Dose volume is 5 mL/kg bw. Actual dose volumes were calculated according to the latest body weight.
VEHICLE
- Justification for use and choice of vehicle (if other than water): Based on trial formulations performed at WIL Research Europe. - Analytical verification of doses or concentrations:
- yes
- Details on analytical verification of doses or concentrations:
- Analyses were conducted on a single occasion during the treatment phase, according to a validated method (Project 507669). Samples of formulations were analyzed for homogeneity (highest and lowest concentration) and accuracy of preparation (all concentrations). The accuracy of preparation was considered acceptable if the mean measured concentrations were 85-115% of the target concentration. Homogeneity was demonstrated if the coefficient of variation was ≤ 10%.
Analysis of stability of the test substance under test conditions was not performed. Due to its extremely inert structure, the test substance will not disintegrate under the test conditions used in this study. - Duration of treatment / exposure:
- Males were exposed for 31 days, i.e. 2 weeks prior to mating, during mating, and up to the day prior to scheduled necropsy.
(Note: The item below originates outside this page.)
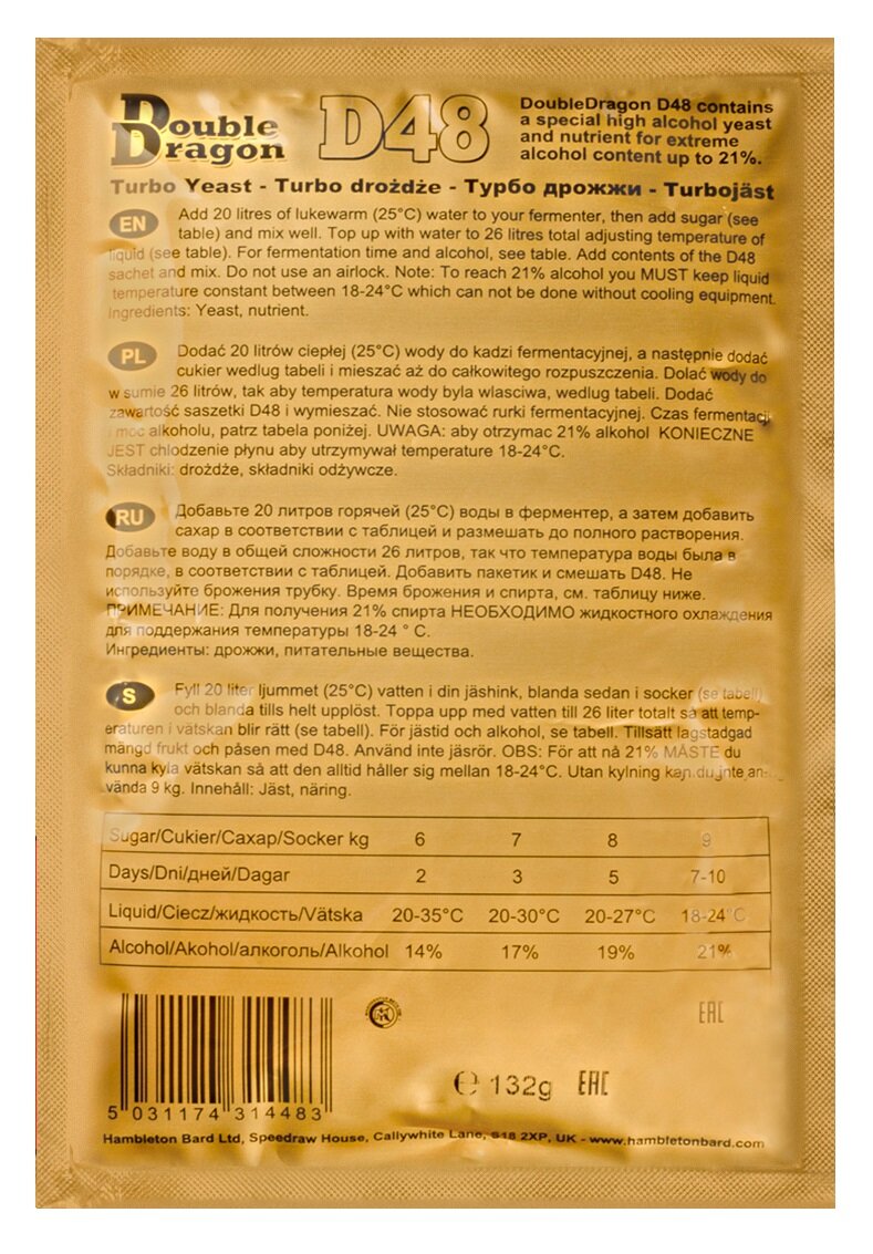 Дрожжи спиртовые Double Dragon D48 Turbo / Дабл Драгон Д48 Турбо, 1 упаковка интересное:

Females were exposed for 41-46 days, i.e. during 2 weeks prior to mating, during mating, during post-coitum, and during at least 4 days of lactation (up to the day prior to scheduled necropsy).
- Frequency of treatment:
- Once daily for 7 days per week.
- Remarks:
- Doses / Concentrations:
100, 300, 1000, 1000 mg/kg bw /day
Basis:
actual ingested - No. of animals per sex per dose:
- 10
- Control animals:
- yes, concurrent vehicle
- Details on study design:
- - Dose selection rationale: Dose levels were based on results of a 10-day dose range finding study (Project 507667)
An additional high dose group was included to test two different batches of the test substance. - Observations and examinations performed and frequency:
- CAGE SIDE OBSERVATIONS: Yes
- Time schedule: At least twice daily.
DETAILED CLINICAL OBSERVATIONS: Yes
- Time schedule: Daily from treatment onwards up to the day prior to necropsy. Once prior to start of treatment and at weekly intervals during the treatment period this was also performed outside the home cage in a standard arena.
BODY WEIGHT: Yes
- Time schedule for examinations: Males and females were weighed on the first day of exposure and weekly thereafter. Mated females were weighed on Days 0, 4, 7, 11, 14, 17 and 20 post-coitum and during lactation on Days 1 and 4.
FOOD CONSUMPTION:
- Food consumption for each animal determined and mean daily diet consumption calculated as g food/kg body weight/day: Yes
FOOD EFFICIENCY:
- Body weight gain in kg/food consumption in kg per unit time X 100 calculated as time-weighted averages from the consumption and body weight gain data: No data
WATER CONSUMPTION: No
Subjective appraisal was maintained during the study, but no quantitative investigation was introduced as no treatment related effect was suspected.
OPHTHALMOSCOPIC EXAMINATION: No
HAEMATOLOGY: Yes
- Time schedule for collection of blood: at the end of the treatment period on the day of scheduled necropsy.
- Anaesthetic used for blood collection: isoflurane
- Animals fasted: Yes, o/n (maximum of 24 hours)
- How many animals: 5/sex/group
- Parameters according to guidelines were examined.
CLINICAL CHEMISTRY: Yes
- Time schedule for collection of blood: at the end of the treatment period on the day of scheduled necropsy.
- Animals fasted: Yes, o/n (maximum of 24 hours)
- How many animals: 5/sex/group
- Parameters according to guidelines were examined.
URINALYSIS: No
NEUROBEHAVIOURAL EXAMINATION: Yes (FOB)
- Time schedule for examinations: The selected males were tested during Week 4 of treatment and the selected females were tested towards the end of the scheduled lactation period (all before blood sampling). These tests were performed after observation for clinical signs.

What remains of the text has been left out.